# Lafarge Rapid Coat



## fr8train (Jan 20, 2008)

New look, now Continental. Smells different.

View attachment 13954


----------



## icerock drywall (Nov 13, 2010)

fr8train said:


> New look, now Continental. Smells different.
> 
> View attachment 13954
> 
> ...


keep us updated ....please


----------



## fr8train (Jan 20, 2008)

So far it seems the same. I'll know more by Friday when I sand


----------



## icerock drywall (Nov 13, 2010)

went to the store today and yep ...change over is here too


----------



## fr8train (Jan 20, 2008)

Sanded out today, didn't seem to sand any different. Thank God!


----------



## icerock drywall (Nov 13, 2010)

fr8train said:


> Sanded out today, didn't seem to sand any different. Thank God!


thats good to know...I changed to this because I like how hard it is and it sands so nice...ap just buffs up with the sanders


----------



## fr8train (Jan 20, 2008)

I like everything about it. It's light, minimal shrinkage, temps us pretty quickly so you can pull over it, and it sands easily.


----------



## icerock drywall (Nov 13, 2010)

fr8train said:


> I like everything about it. It's light, minimal shrinkage, temps us pretty quickly so you can pull over it, and it sands easily.
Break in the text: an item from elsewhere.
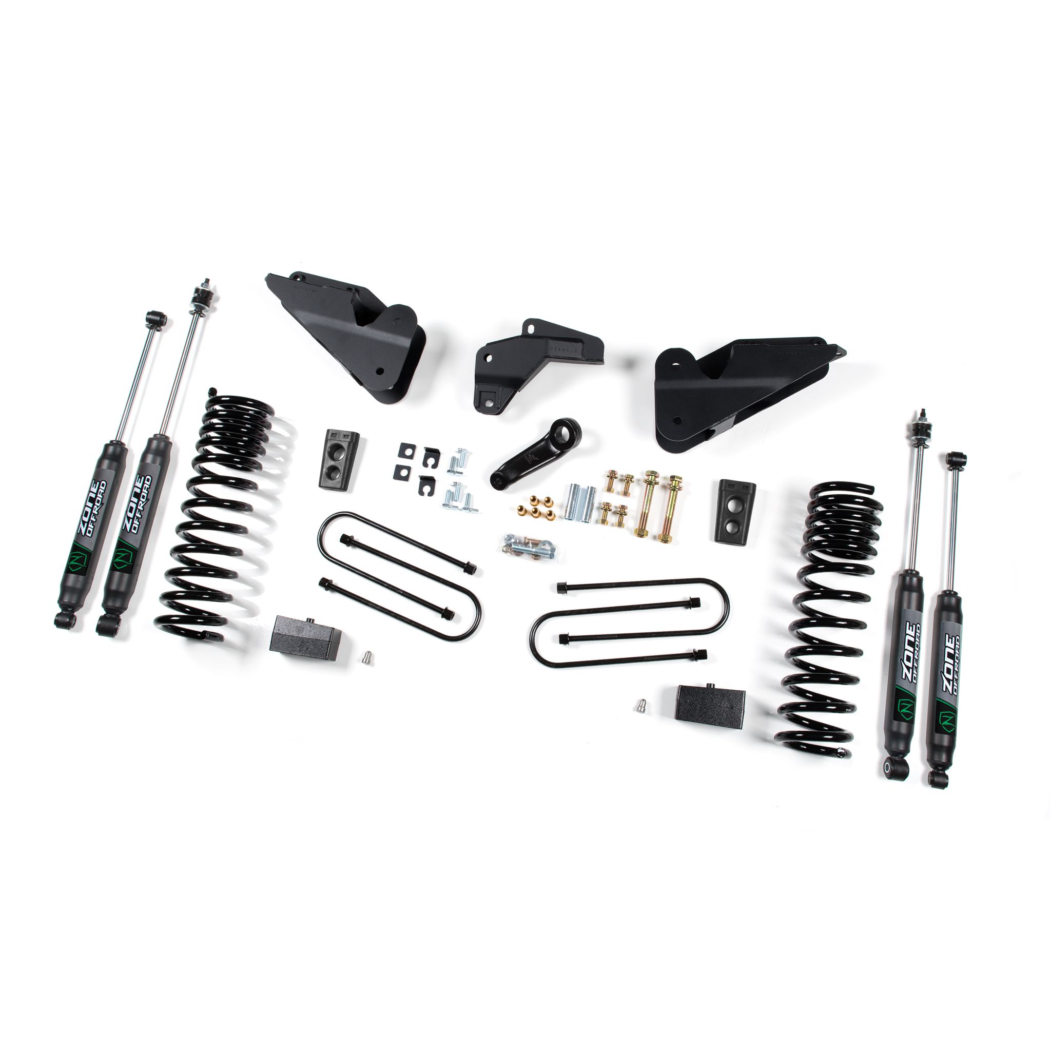 Take your RAM 3500 to new heights with this 4.5" lift kit from Zone Offroad. Kits include everything needed from full length coil springs and stout radius arm relocation brackets to steering correction and rear lift to level the stance. Get the look, performance, and capability your truck deserves with clearance for up to 37" tires.

going to sand my first job with the new rc ...so far I like it:thumbup:


----------



## icerock drywall (Nov 13, 2010)

yep...still like it and it sanded very nice


----------



## ell (Jan 24, 2009)

*Rapid coat*

That product was called Cell-Tex years ago came from Canada but that's all they made so when la farge started making sheetrock they wanted a compound to go with their rock and bought out cell-tex. I can honestly say their mix hasn't changed im not sure about the smell though.It was originally marketed as a two coat system over mesh and then a finish coat.


----------



## jackleg (Jan 22, 2008)

do the angles dry completely over night?


----------



## icerock drywall (Nov 13, 2010)

jackleg said:


> do the angles dry completely over night?


yes ...butt on the 2nd coat you can do so much moore


----------